In a step S40, soil moisture difference data, i.e. residual data, between the first soil moisture data and the second soil moisture data is calculated. The latter can be done, for example, by calculating a difference between the second data and the first data. Based on this soil moisture difference data the precipitation distribution data for the geographical region can be calculated/estimated in a step S50. In an embodiment of the invention, the precipitation distribution data having a low resolution and the first and second soil moisture data having a high resolution can be fed to one or more trained machine-learning algorithm to distribute the total amount of precipitation and to provide precipitation distribution data with a high resolution. For example, such machine-learning algorithm can be trained on a specific geographical region and its specifics and then be used to distribute the total amount of precipitation in that geographical region, whereby it is then only necessary to input the precipitation data and the first and second soil moisture data into the machine-learning algorithm. In figure 4, an example for such soil moisture difference data is shown based on the first and second soil moisture data shown in figures 3.

Figure 5 is an example for precipitation distribution data for the geographical region for the predetermined period of time (ti, t2) based on the precipitation data and the soil moisture difference data with a spatial resolution higher than the first unit of area.
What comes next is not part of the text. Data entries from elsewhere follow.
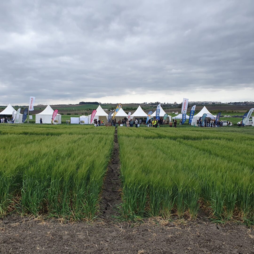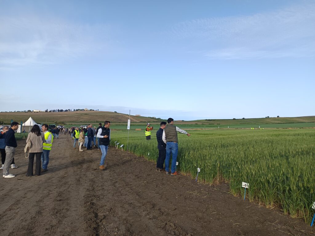 La jornada de campo empezó fría y húmeda, y con algo de barro, pero no fue inconveniente para agricultores, técnicos y empresas que acudieron a los campos de ensayos ubicados en el Centro IFAPA Rancho de la Merced. Una de las frases más repetidas entre los asistentes fue el buen estado del cultivo. “Apenas vemos enfermedades” se escuchaba entre los grupos que recorrían las 15 estaciones y las vitrinas o ensayos comerciales. No hay que olvidar que las continuas borrascas que este año han afectado a Andalucía obligaron a retrasar todas las labores agrarias de la finca.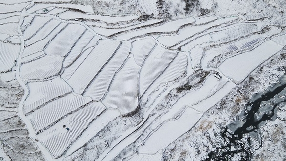 7일 경남 함양군 마천면 도마마을 다랭이 논에서 밤사이 내린 눈이 쌓여 하얗게 변해 있다. (사진=함양군 제공)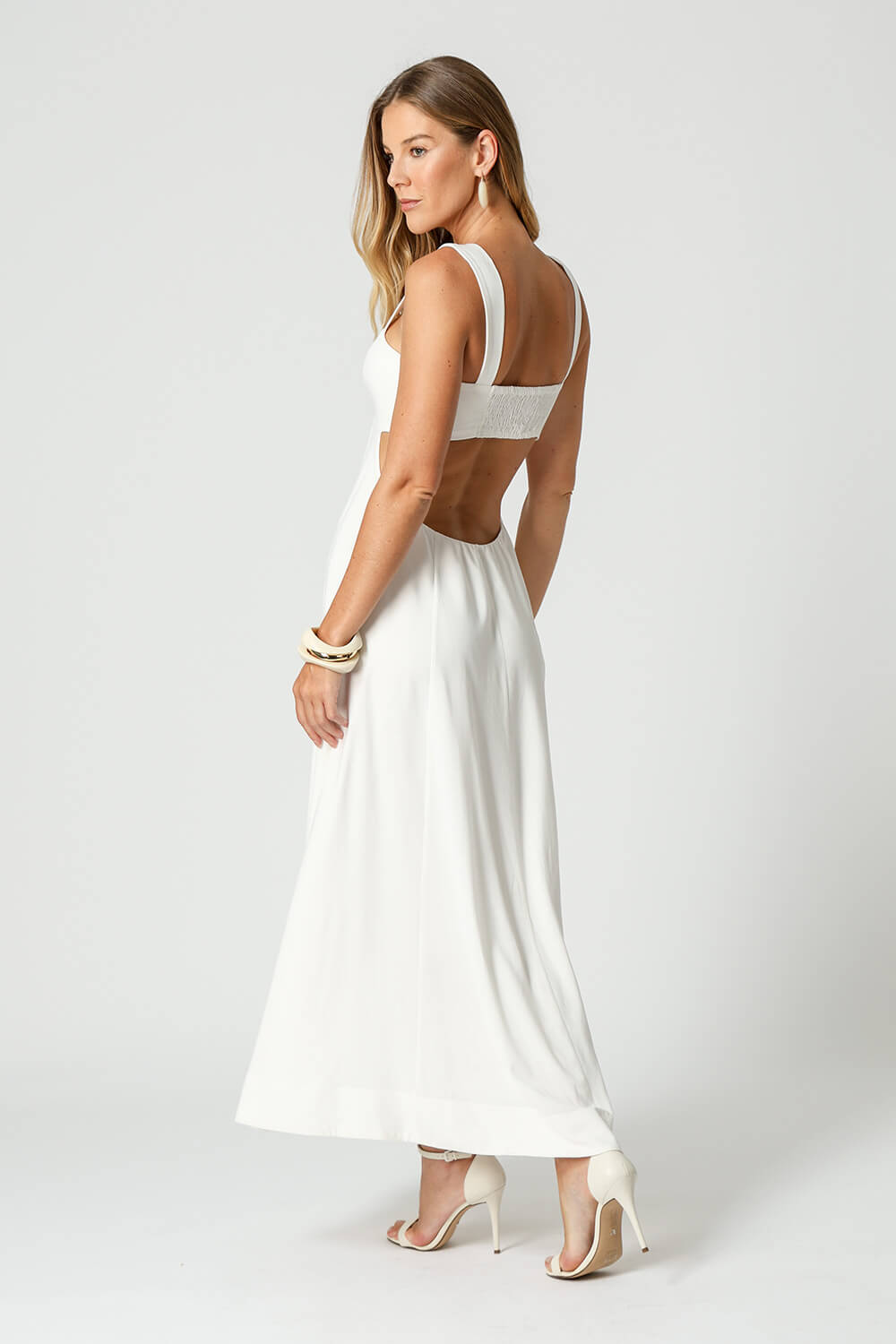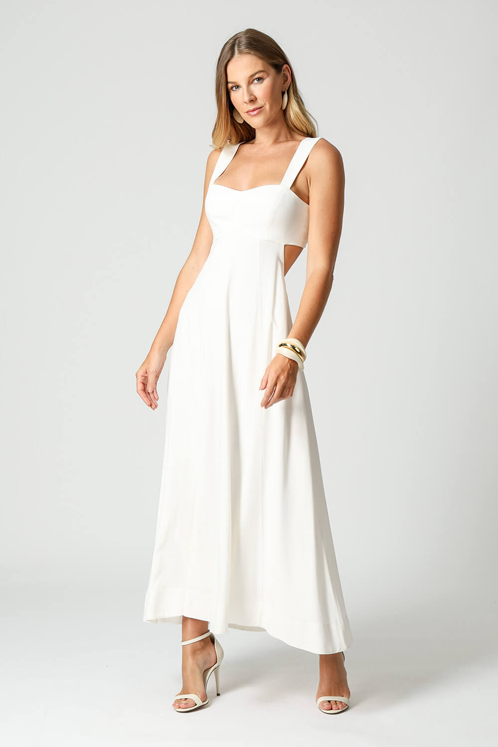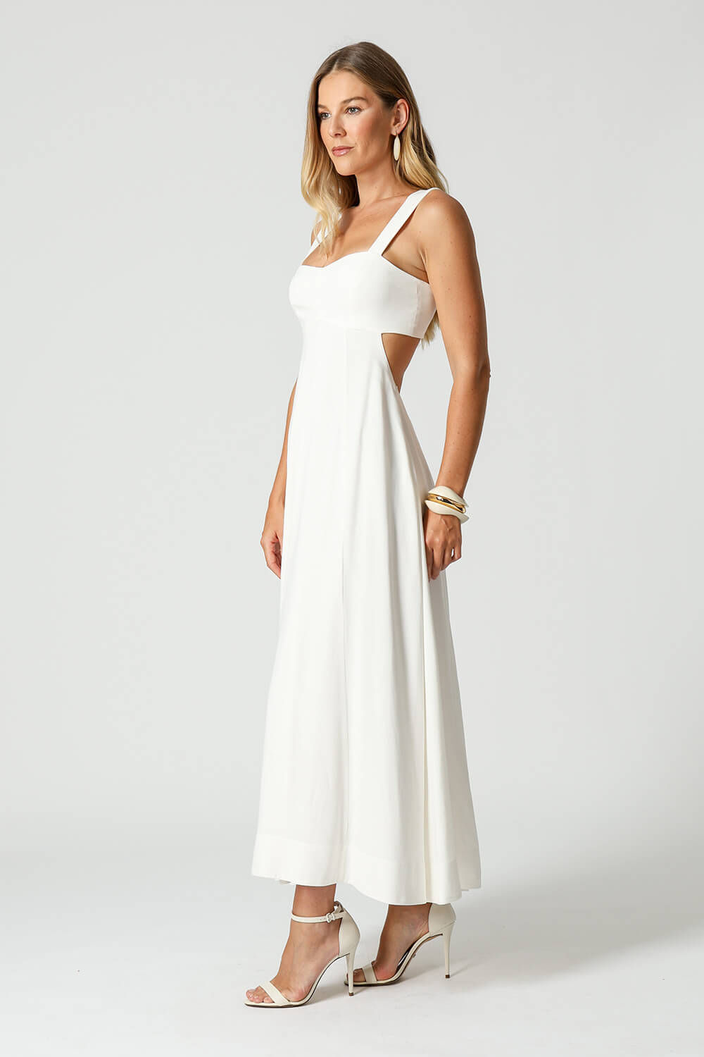 Vestido em linho com algodão, com alças largas, vazado iniciado na lateral, costas abertas e recortes no busto e na saia. Leve e sofisticado, ideal para produções modernas.

The amount of rainfall was distributed over the geographical region according to the distribution of soil moisture difference data.

Figure 6 shows a schematic overview of the different agronomic management models using precipitation distribution data provided according to the above described method. Figure 7 is a schematic overview of the different agronomic management instructions using precipitation distribution data provided according to the preferred embodiment of the present invention.

The present invention has been described in conjunction with a preferred embodiment as examples as well. However, other variations can be understood and effected by those persons skilled in the art and practicing the claimed invention, from the studies of the drawings, this disclosure and the claims. In the claims as well as in the description the word “comprising” does not exclude other elements or steps and the indefinite article “a” or “an” does not exclude a plurality. A single element or other unit may fulfill the functions of several entities or items recited in the claims. The mere fact that certain measures are recited in the mutual different dependent claims does not indicate that a combination of these measures cannot be used in an advantageous implementation.